Legal Alert – Profound Changes Proposed to the Finnish Corporate Tax System
The Finnish Ministry of Finance published a draft government bill on 22 March 2018 on abolishing the personal income source for corporate entities. Under the draft government bill, the Finnish Business Income Tax Act (BITA) would generally apply to the calculation of a corporation’s net operating result. Furthermore, the BITA’s scope of application would be extended to cover real estate business activities carried out by entities other than corporations as well. The proposed amendments would simplify the calculation of corporations’ taxable income, but for example, income derived from real estate business activities could be classified as business income for foundations.
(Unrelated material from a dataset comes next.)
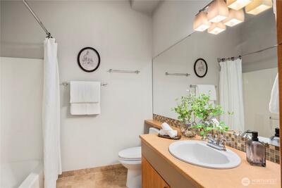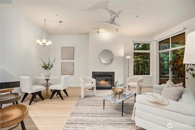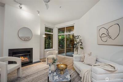 Stunning ground-floor condo in the heart of downtown Kirkland! Soaring high ceilings, big windows, brand-new flooring, fresh paint, and a fully renovated open-concept layout complete the space. The sleek chef’s kitchen features stainless steel appliances, granite countertops, and an extended bartop, perfect for hosting or entertaining. Enjoy the cozy gas fireplace, designated work-from-home space, and a private patio for PNW summers. The secluded primary suite offers a large walk-in closet. Includes 1 parking spot in secure garage plus in-unit washer and dryer. PRIME location—just steps to Kirkland Urban, Peter Kirk Park, the Marina, shops, dining, and quick 405 access. This one is a must see!

The draft government bill drawn up by the Finnish Ministry of Finance proposes the following key changes:
- corporate entities would generally not be considered to have a source of personal income. Instead, their net operating results would be uniformly calculated under the BITA except for income derived from agriculture. This would simplify the offsetting of corporations’ prior net operating losses as profits and losses would arise from the same source of income;
- business assets that do not qualify as fixed, current, investment or financial assets would be treated as miscellaneous assets;
- tax deductible costs could be offset against all taxable income and capital gains, whereas capital losses incurred from miscellaneous assets would be deductible only against capital gains derived from miscellaneous assets;
- for entities other than corporations, rental and other income deriving from real estate business activities could be considered as business income under the BITA; and
- the applicability of the Finnish group contribution regime would be extended to cover companies, which net operating result is calculated according to BITA.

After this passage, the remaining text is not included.